What to do.
Taking the data below, please print only the lines from the line holding "NURS 629 Final" to the line holding "Кровать Аврора - акцент", inclusive, with pictures omitted.

[Recorded information Boundary: Start]

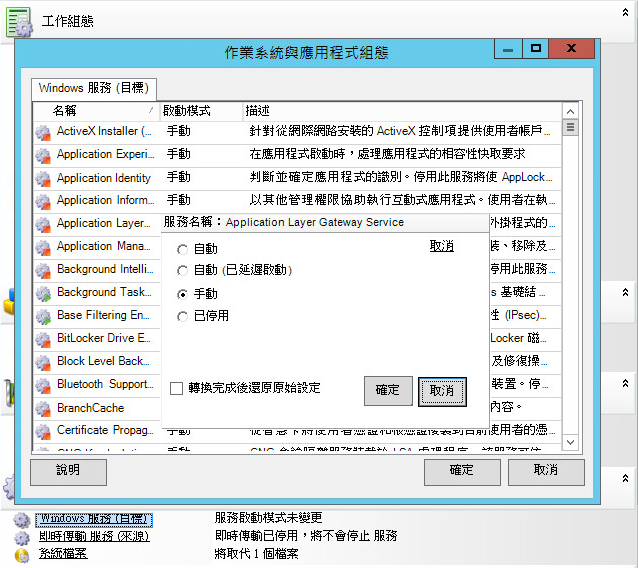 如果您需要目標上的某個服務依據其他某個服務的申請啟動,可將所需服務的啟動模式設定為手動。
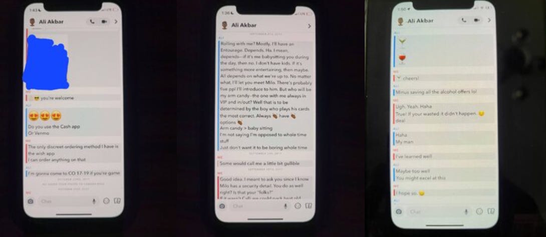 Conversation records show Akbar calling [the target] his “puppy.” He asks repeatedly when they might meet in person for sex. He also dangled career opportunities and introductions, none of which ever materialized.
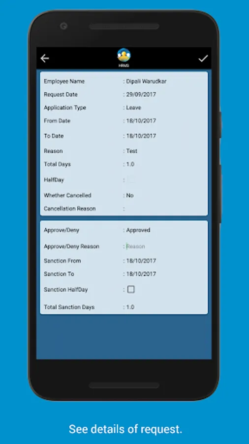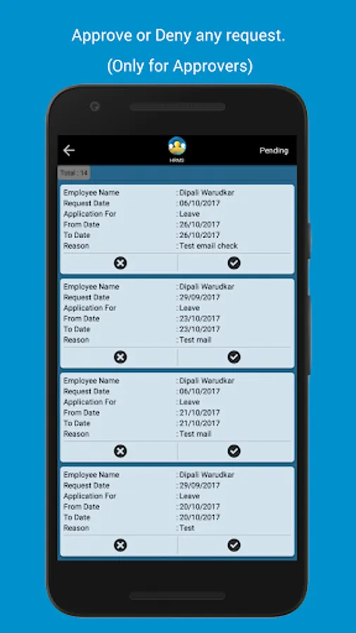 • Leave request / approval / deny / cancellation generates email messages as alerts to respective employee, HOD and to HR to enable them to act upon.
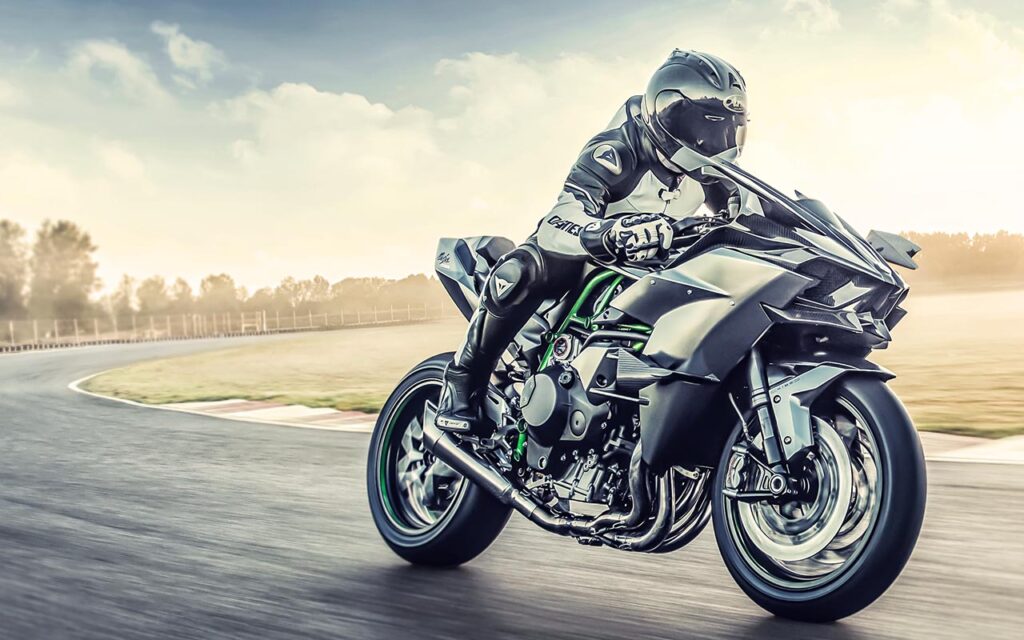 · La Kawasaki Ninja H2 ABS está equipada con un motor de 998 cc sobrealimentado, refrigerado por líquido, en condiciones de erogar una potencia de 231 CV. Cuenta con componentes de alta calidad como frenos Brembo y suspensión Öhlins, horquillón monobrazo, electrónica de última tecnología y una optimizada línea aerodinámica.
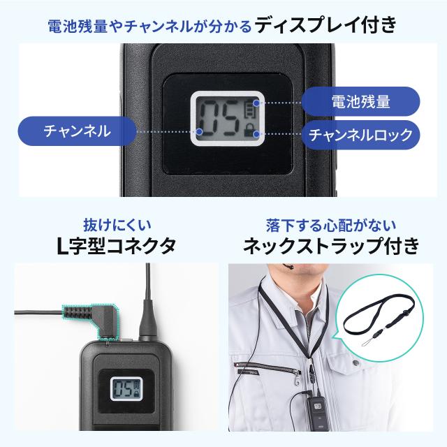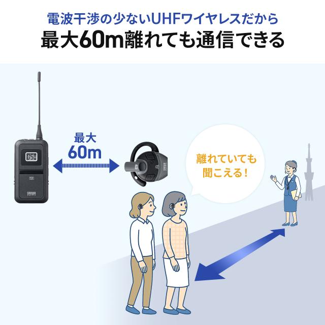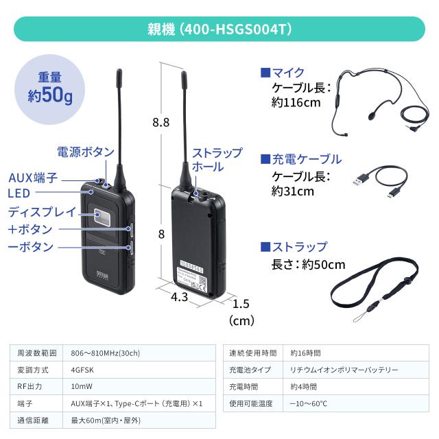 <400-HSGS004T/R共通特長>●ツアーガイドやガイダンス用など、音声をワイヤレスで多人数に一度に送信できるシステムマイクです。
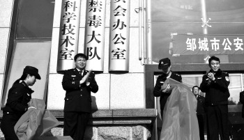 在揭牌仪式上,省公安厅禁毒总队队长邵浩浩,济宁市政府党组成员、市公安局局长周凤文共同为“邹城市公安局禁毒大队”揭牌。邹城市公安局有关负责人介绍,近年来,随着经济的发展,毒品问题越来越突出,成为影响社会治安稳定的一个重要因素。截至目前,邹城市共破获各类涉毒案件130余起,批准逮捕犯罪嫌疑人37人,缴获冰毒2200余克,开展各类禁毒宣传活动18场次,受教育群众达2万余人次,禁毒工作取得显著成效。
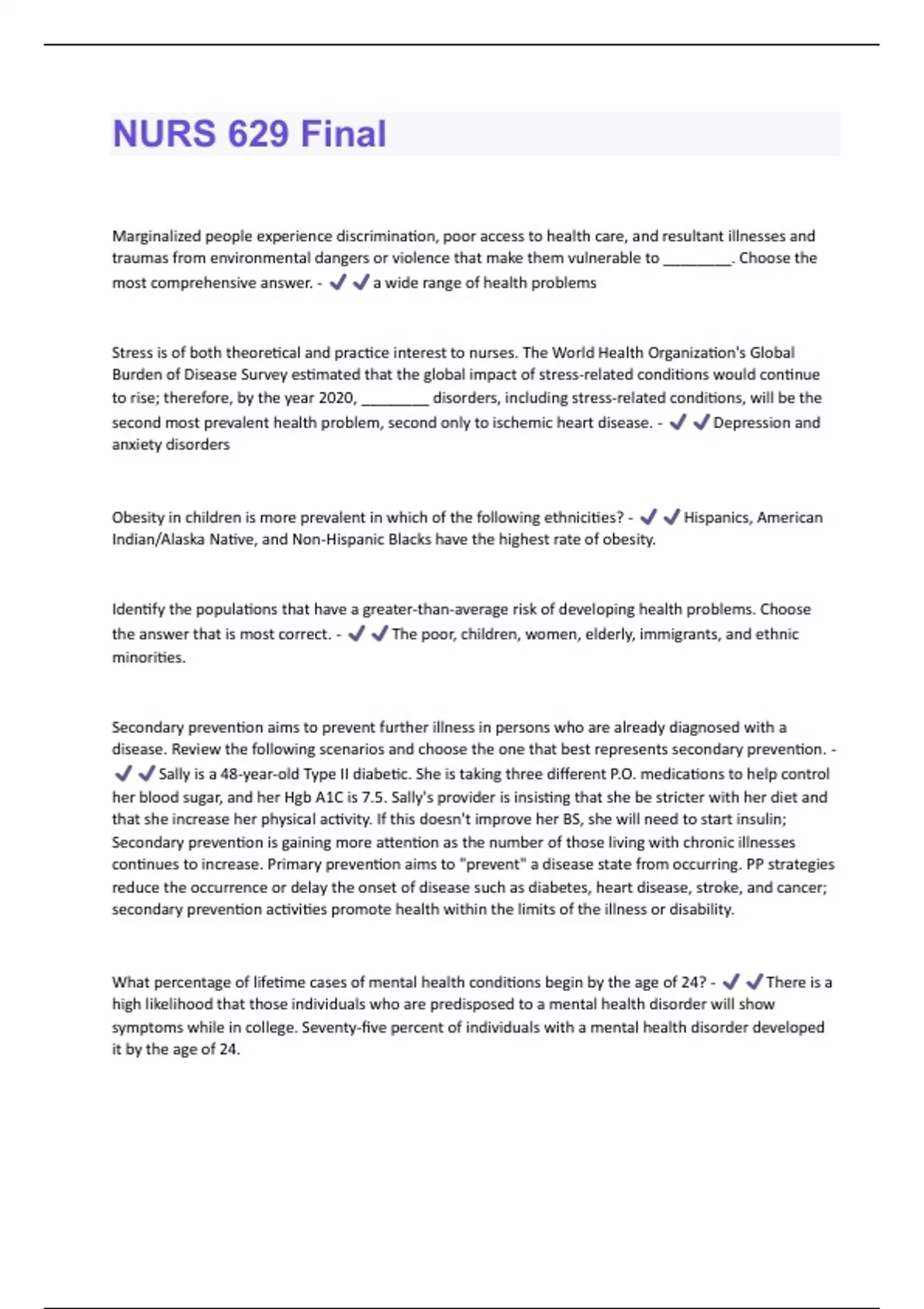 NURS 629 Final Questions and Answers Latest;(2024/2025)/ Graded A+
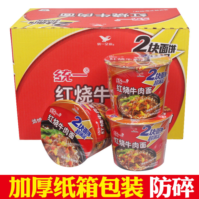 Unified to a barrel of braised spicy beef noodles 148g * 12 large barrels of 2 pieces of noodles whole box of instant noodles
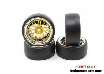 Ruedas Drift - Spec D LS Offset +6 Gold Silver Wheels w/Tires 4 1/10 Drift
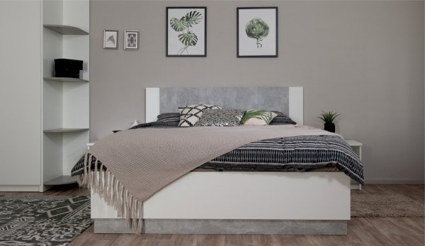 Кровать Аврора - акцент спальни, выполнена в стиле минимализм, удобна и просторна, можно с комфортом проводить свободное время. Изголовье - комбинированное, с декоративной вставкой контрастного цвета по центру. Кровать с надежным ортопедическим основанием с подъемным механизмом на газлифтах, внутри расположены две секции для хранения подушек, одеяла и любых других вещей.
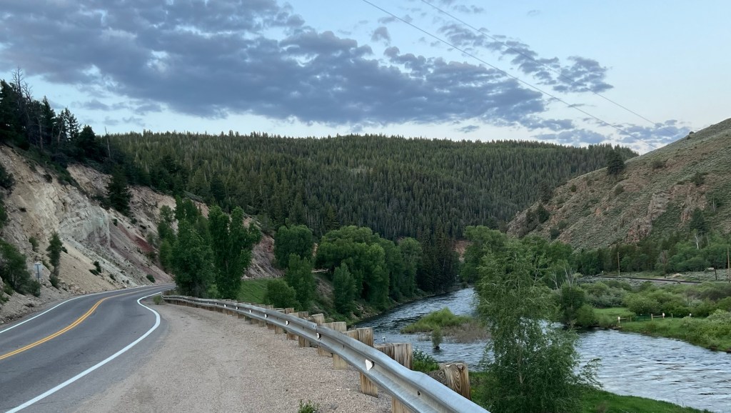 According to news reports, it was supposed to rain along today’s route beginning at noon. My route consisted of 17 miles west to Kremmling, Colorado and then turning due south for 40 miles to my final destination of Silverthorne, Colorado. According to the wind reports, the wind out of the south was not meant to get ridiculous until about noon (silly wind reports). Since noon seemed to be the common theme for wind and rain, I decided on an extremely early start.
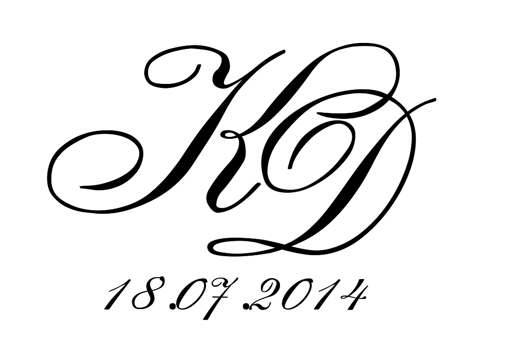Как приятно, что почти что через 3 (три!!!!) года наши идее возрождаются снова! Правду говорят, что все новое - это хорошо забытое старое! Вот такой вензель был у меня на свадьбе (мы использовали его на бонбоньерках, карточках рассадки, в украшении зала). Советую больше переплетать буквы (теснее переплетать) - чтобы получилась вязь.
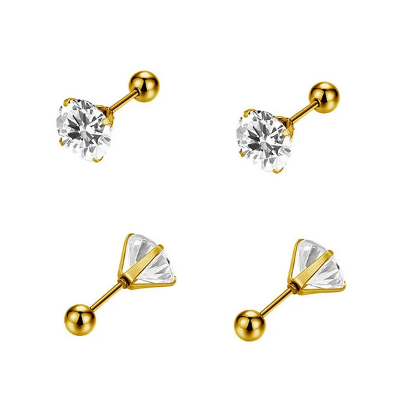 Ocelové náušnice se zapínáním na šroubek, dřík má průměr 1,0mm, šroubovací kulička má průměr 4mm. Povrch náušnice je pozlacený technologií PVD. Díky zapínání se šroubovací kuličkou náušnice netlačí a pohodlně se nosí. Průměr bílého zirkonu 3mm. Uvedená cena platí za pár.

[Recorded information Boundary: End]

Answer section.
 NURS 629 Final Questions and Answers Latest;(2024/2025)/ Graded A+
 Unified to a barrel of braised spicy beef noodles 148g * 12 large barrels of 2 pieces of noodles whole box of instant noodles
 Ruedas Drift - Spec D LS Offset +6 Gold Silver Wheels w/Tires 4 1/10 Drift
 Кровать Аврора - акцент спальни, выполнена в стиле минимализм, удобна и просторна, можно с комфортом проводить свободное время. Изголовье - комбинированное, с декоративной вставкой контрастного цвета по центру. Кровать с надежным ортопедическим основанием с подъемным механизмом на газлифтах, внутри расположены две секции для хранения подушек, одеяла и любых других вещей.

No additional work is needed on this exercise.